Lately, when I am on my way to the shala, I tell myself to go easy on my wrist: do less vinyasas as this would better for me in the long run. Once I start my practice, however, this inner dialogue goes out the window, and I go through the whole thing. I sometimes skip a couple vinyasas in the maris, but I know I should skip even more, until my wrist is really feeling better.
This morning was the same. Managed to skip 5 vinyasas..and uti pluthi
(lifted up, decided it was not the best for my wrist and came right
down..not sure if that was the problem all along). I am much less sore
than yesterday, but still nowhere near- normal.
Is it the energy of the room (which seems pretty low key), my own ego, and/or a sort of autopilot that switches on during practice? I think it is mostly ego, and fear: fear of losing any hard won strength, even at the risk of further injury. Hmm...definitely not very yogic sounding. (and if I am doing it with this simple but annoying injury..where else am I doing this sort of thing in my life..oh, not a topic to contemplate here) I am not pushing through pain so much as feeling more tension in my arm/wrist than should be there..and sometimes feeling sensation or discomfort when I let my weight onto my wrist in certain ways...which I try hard to avoid. Working around an injury makes practice more tiring because of the constant attention to it, sometimes at the expense of spreading the attention around to the rest of my body and breath. With summer (assuming this year has a real summer) coming up, I also need to not exhaust myself with my practice. Hot weather has never been easy for me. I want to have energy to take dance classes and/or go to outdoor dance events.
Back to the issue of doing less. I have the same trouble at times with the feldenkrais: it is oddly more challenging to do less. Doing less means paying more attention to what you are doing, and that can be both surprising and truly exhausting. But I also know from the past 9 months of training, that I have gained so much from learning how to do less, in this context. My body is more flexible, I feel like I move more easily, and it healed my ankle injury.

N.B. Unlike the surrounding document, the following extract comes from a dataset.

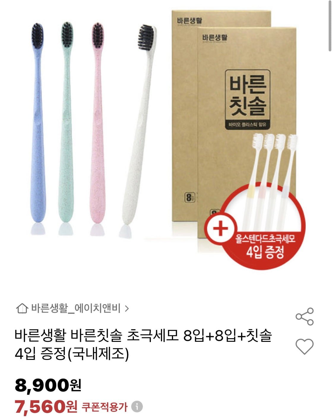 [옥션]바른생활 바른칫솔 초극세모 8입+8입 (유클7,560원/무료)
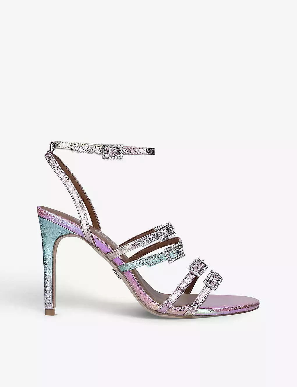 - Stiletto heel, open round toe, multiple straps, gem-embellished

This weekend, I am thinking of taking a feldenkrais workshop -the Challenge of Pleasure-with Alan Questal. From the description: Did you ever think it could be a challenge for you to have more pleasure
in your life? Or could you imagine experiencing greater pleasure when
you are faced with a challenge? Pleasure and challenge, experiences that
are too often exclusive of each other, will be the focus of this
two-day workshop.
I am getting acupuncture and a massage late on Friday, so it may come down to how rested I feel Saturday morning.